(EXERCISE DATA Opens)
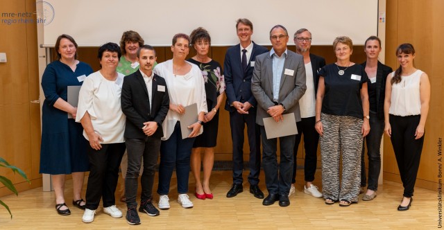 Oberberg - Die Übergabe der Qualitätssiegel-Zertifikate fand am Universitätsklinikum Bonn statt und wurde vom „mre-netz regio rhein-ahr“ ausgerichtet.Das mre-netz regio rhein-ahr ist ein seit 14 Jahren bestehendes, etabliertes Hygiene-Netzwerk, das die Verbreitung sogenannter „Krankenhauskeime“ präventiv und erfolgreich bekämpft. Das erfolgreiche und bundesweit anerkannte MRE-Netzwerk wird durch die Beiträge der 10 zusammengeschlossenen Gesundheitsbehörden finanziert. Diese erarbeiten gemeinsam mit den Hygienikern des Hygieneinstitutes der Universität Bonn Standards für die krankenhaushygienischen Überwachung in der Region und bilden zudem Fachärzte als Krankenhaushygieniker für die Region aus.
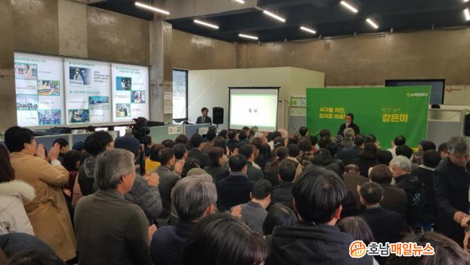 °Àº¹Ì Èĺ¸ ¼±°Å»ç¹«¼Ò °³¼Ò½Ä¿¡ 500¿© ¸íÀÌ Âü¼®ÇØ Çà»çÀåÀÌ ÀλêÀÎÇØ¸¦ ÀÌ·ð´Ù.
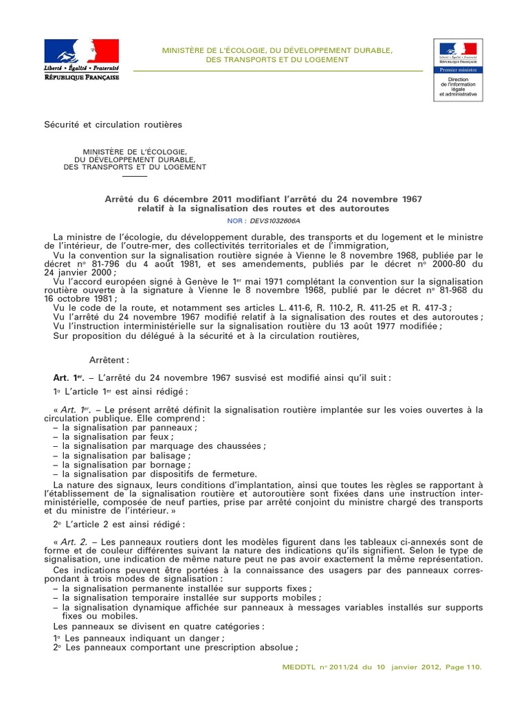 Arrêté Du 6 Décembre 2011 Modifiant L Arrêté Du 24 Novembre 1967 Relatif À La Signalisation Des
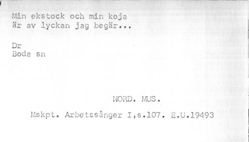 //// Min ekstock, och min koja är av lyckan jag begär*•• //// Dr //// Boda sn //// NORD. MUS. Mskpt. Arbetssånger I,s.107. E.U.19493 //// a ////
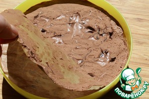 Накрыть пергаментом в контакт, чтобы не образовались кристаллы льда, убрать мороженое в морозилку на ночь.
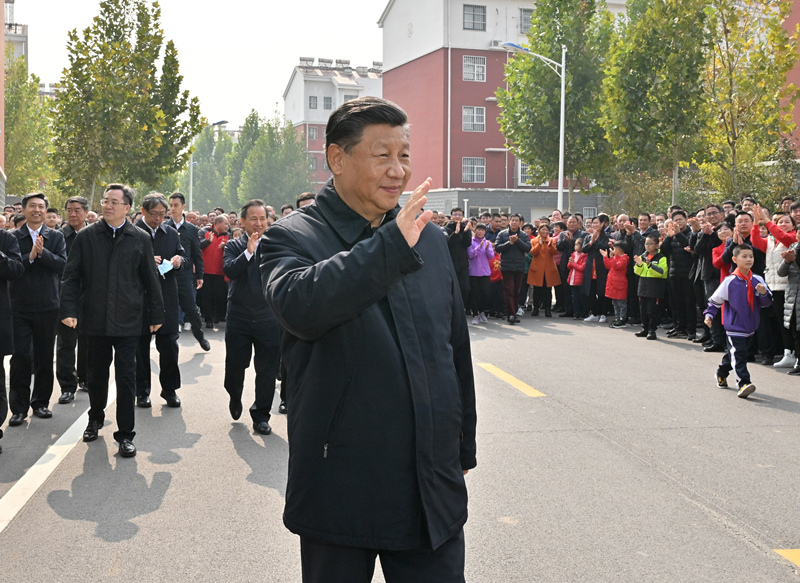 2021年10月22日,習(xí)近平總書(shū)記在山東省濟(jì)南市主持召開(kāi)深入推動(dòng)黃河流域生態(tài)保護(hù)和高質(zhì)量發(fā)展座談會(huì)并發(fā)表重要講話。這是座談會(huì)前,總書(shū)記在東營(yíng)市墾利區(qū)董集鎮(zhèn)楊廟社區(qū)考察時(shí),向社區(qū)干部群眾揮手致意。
(EXERCISE DATA Closes)
EXERCISE
Your task is to repeat exactly the lines from the one containing "Накрыть пергаментом в" through the end of the material, both included, and only those, without pictures.

FINAL ANSWER
 Накрыть пергаментом в контакт, чтобы не образовались кристаллы льда, убрать мороженое в морозилку на ночь.
 2021年10月22日,習(xí)近平總書(shū)記在山東省濟(jì)南市主持召開(kāi)深入推動(dòng)黃河流域生態(tài)保護(hù)和高質(zhì)量發(fā)展座談會(huì)并發(fā)表重要講話。這是座談會(huì)前,總書(shū)記在東營(yíng)市墾利區(qū)董集鎮(zhèn)楊廟社區(qū)考察時(shí),向社區(qū)干部群眾揮手致意。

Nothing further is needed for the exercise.